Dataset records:
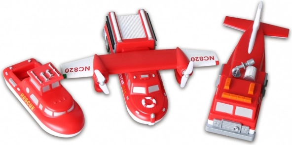 Byg RESCUE-skib, amfibiefly og brandbil – eller kombiner dem frit og skab dine egne originaler.
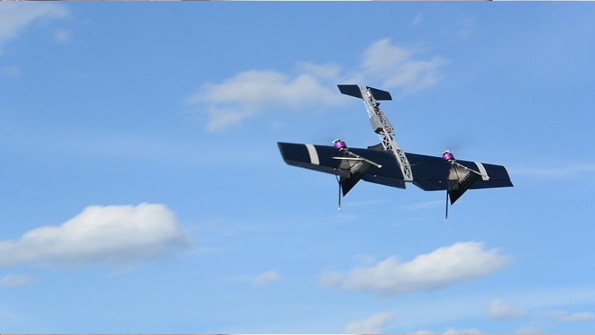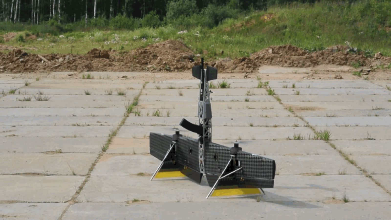El avión no tripulado posado sobre la cola despega en el lugar, pero vuela como un avión para una mayor eficiencia, lo que le da un rango de 40 minutos mientras va provisto de una escopeta Vepr-12 totalmente automática con un cargador de 10 balas.
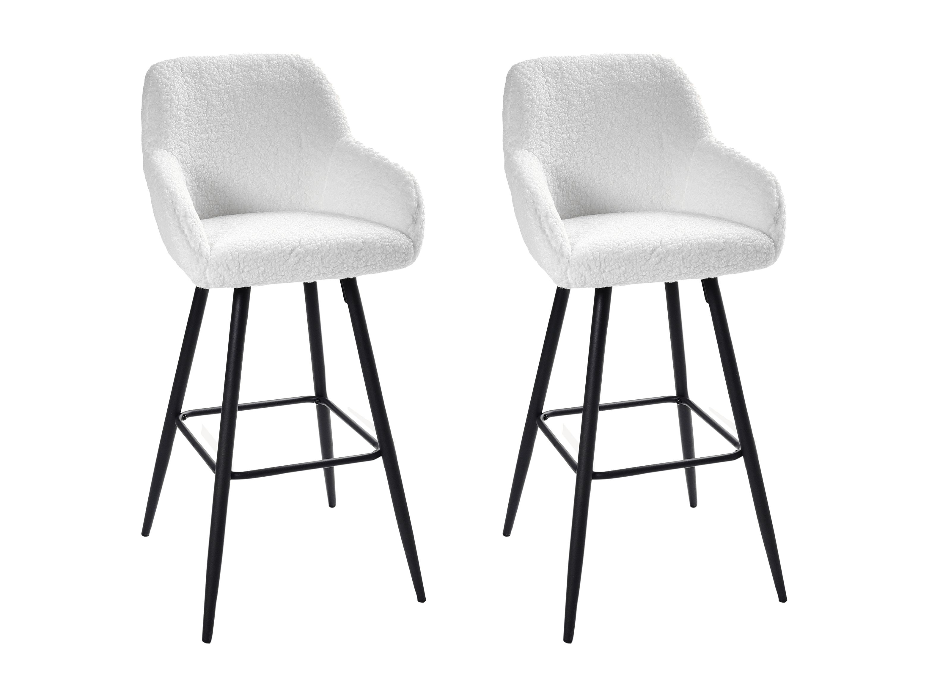 Lot de 2 chaises de bar CASMALIA Bouclé Blanc cassé
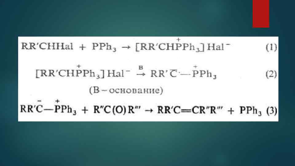 Основу тактики органический синтез составляют различные синтетические методы, каждый из которых представляет собой стандартную совокупность одной или несколько реакций и приемов выделения продуктов, которые обеспечивают возможность построения или разрыва определенного типа связи (или связей), необходимой для синтеза целевого соединения. Важные характеристики эффективного синтетического метода - общность (слабая зависимость результата от конкретных особенностей структуры исходных соединений), селективность (участие в основных реакциях метода лишь определенных функциональных групп) и высокие выходы продуктов. Типичным примером эффективного синтетического метода может служить синтез олефинов по Виттигу (р-ции 1 -3) из алкилгалогенидов и карбонильных соединений:
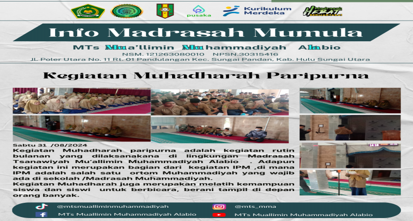 MTs. Mu’allimin Muhammadiyah Alabio kembali melaksanakan kegiatan rutin Jum’at Taqwa pada Jumat (20/02/2026) yang diikuti oleh seluruh siswa, guru, dan tenaga kependidikan
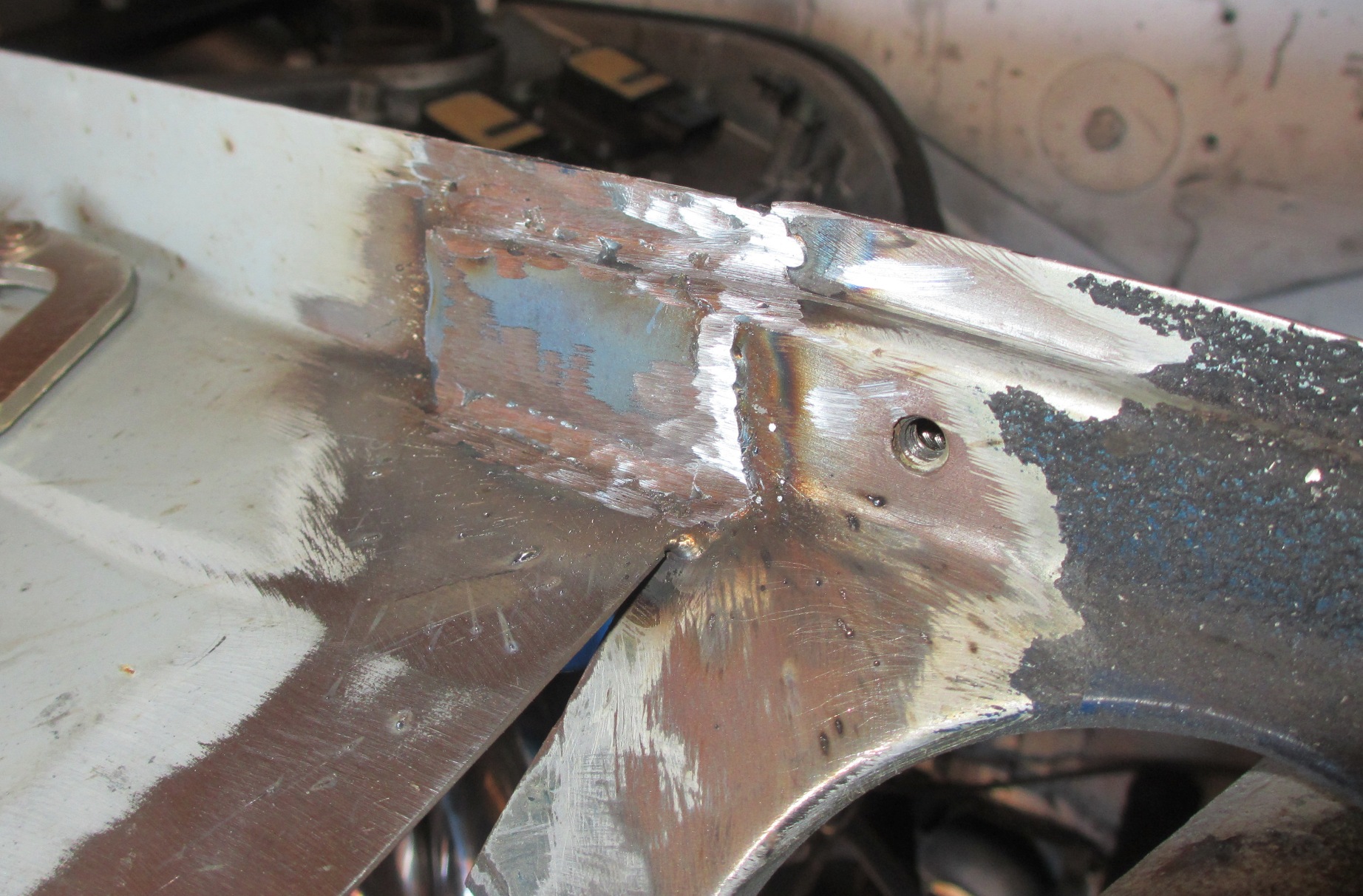 Pretty much sums it up... Rear firewall is being rebuilt. I curved it so it looks better and the seal will sit correctly. Basic hammer and anvil work. I might be able to put the factory latch back in too. Least of my worries. I welded dutchmen next to the plastic targa top holders. One of each mounting nuts got cut off int the process. Now I need to drill and tap. I cut the bottom out of the trunk too. Just up to the cross member. I'm going to make a dropped removable panel. Dropped so I can fit the methanol tank and because there is 4-5" of space from the original trunk to the tranny. I may have to box in the exhaust a little. I tried 2 exhaust manifolds so far. I'm waiting on a third to arrive for mock up. I "frenched" the coolant tank into the new firewall. The top is hammer rolled over a dolly. The placemant was coordinated with the intercooler... Next post |

[Required work] Except for the pictures, write the data out exactly.

[Answer to the exercise]
 Byg RESCUE-skib, amfibiefly og brandbil – eller kombiner dem frit og skab dine egne originaler.
El avión no tripulado posado sobre la cola despega en el lugar, pero vuela como un avión para una mayor eficiencia, lo que le da un rango de 40 minutos mientras va provisto de una escopeta Vepr-12 totalmente automática con un cargador de 10 balas.
 Lot de 2 chaises de bar CASMALIA Bouclé Blanc cassé
 Основу тактики органический синтез составляют различные синтетические методы, каждый из которых представляет собой стандартную совокупность одной или несколько реакций и приемов выделения продуктов, которые обеспечивают возможность построения или разрыва определенного типа связи (или связей), необходимой для синтеза целевого соединения. Важные характеристики эффективного синтетического метода - общность (слабая зависимость результата от конкретных особенностей структуры исходных соединений), селективность (участие в основных реакциях метода лишь определенных функциональных групп) и высокие выходы продуктов. Типичным примером эффективного синтетического метода может служить синтез олефинов по Виттигу (р-ции 1 -3) из алкилгалогенидов и карбонильных соединений:
 MTs. Mu’allimin Muhammadiyah Alabio kembali melaksanakan kegiatan rutin Jum’at Taqwa pada Jumat (20/02/2026) yang diikuti oleh seluruh siswa, guru, dan tenaga kependidikan
 Pretty much sums it up... Rear firewall is being rebuilt. I curved it so it looks better and the seal will sit correctly. Basic hammer and anvil work. I might be able to put the factory latch back in too. Least of my worries. I welded dutchmen next to the plastic targa top holders. One of each mounting nuts got cut off int the process. Now I need to drill and tap. I cut the bottom out of the trunk too. Just up to the cross member. I'm going to make a dropped removable panel. Dropped so I can fit the methanol tank and because there is 4-5" of space from the original trunk to the tranny. I may have to box in the exhaust a little. I tried 2 exhaust manifolds so far. I'm waiting on a third to arrive for mock up. I "frenched" the coolant tank into the new firewall. The top is hammer rolled over a dolly. The placemant was coordinated with the intercooler... Next post |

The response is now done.